Like that proverbial path to hell, the road to New Year's resolutions is paved with good intentions. -Catherine Bigelow
I am a big fan of resolutions. I scoff at the aforementioned words from the San Francisco Chronicle. When I set resolutions—I mean business. And as much as I delight in making resolutions—sometimes as many as five, I enjoy hearing what others have committed to in the year ahead. Two of my favorites include one from a coworker who has resolved to drink more. That’s not something you hear often! I support her quest; she is a lot more fun after she’s put back a few (I am too). And the other? A friend plans on spending more time in the hot tub. Here here!
As the clock drew closer to midnight on New Year’s Eve, something was remiss. I was without my 2011 New Years’ resolution. I contrived a few—to read at least five classics in literature—but nothing significant or meaningful came to mind. I asked myself would this be a year without a resolution?
I thought about what was reported in the article Bay Area Notables Share New Year's Resolutions. The only “notable” of interest to me was Larry Baer. This fourth-generation San Franciscan who is president of the San Francisco Giants wants more parade vibe (more cow bell?)
"If there is a way to harness the love, energy and spirit from the Nov. 3 World Series Victory Parade & infuse it into daily life in our communities, that would be my wish.
"May the interim mayor (unknown), the newly elected governor (well known) & our president tap into that same optimism & spirit from diverse communities everywhere to influence positive change in challenging times. And in 2011, may our 'Local Nine' continue to bring smiles to those less fortunate and most in need."
That parade was completely magical. San Francisco is never, repeat never, warm enough for me. But the sunny skies, the love and positivity made the city radiate with warmth that I too wish could be in this community day after day.

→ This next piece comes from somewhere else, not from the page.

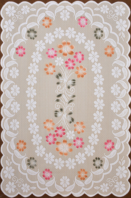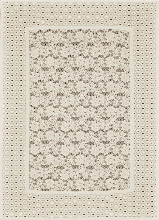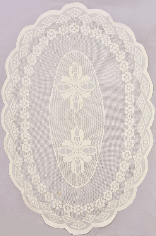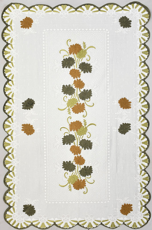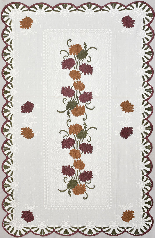 Bigger Fish Poly Cotton , Decorative Hand Made Floral Design Dining Table Cover for 6-8 Seater (60 X 90 Inches) (Cream)
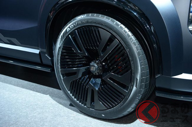走りの面においては、ワイドトレッドとして22インチの大径ホイール&タイヤを装着。さらに強力なモータートルクに見合った制動性能を発揮する大径ブレーキディスクと対向6ポットキャリパーを採用し、「走る」「曲がる」「止まる」のレベルを一段と高めました。

Yet what still strikes me as unreal is that the parade took place on my brother Mark’s 40th birthday. Mark lives, breathes and dies Giants baseball; he has followed this team with his heart and soul his whole life. And I know for a fact he had dreams of a parade as a child; he made me very nervous when he started predicting his vision of the parade after the first NLCS win. He has also endured one hell of a year. Every member of my family has offered to carry his cross. But just as God extended a rainbow as a sign of God’s covenant, I believe that parade was my brother’s rainbow, dove and olive branch. God keeps God’s promise. And thank you to those “local nine" plus for making sure that parade happened. Talk about the ultimate birthday!As much as I appreciated Baer’s resolution and a few others, I remained a girl without a resolution. I looked at what, if anything the “notables” cited in common. But the ongoing use of that term “notable” got in my way. That was a new one to me. When and how does someone become “notable?” Are "notables" aware of their status?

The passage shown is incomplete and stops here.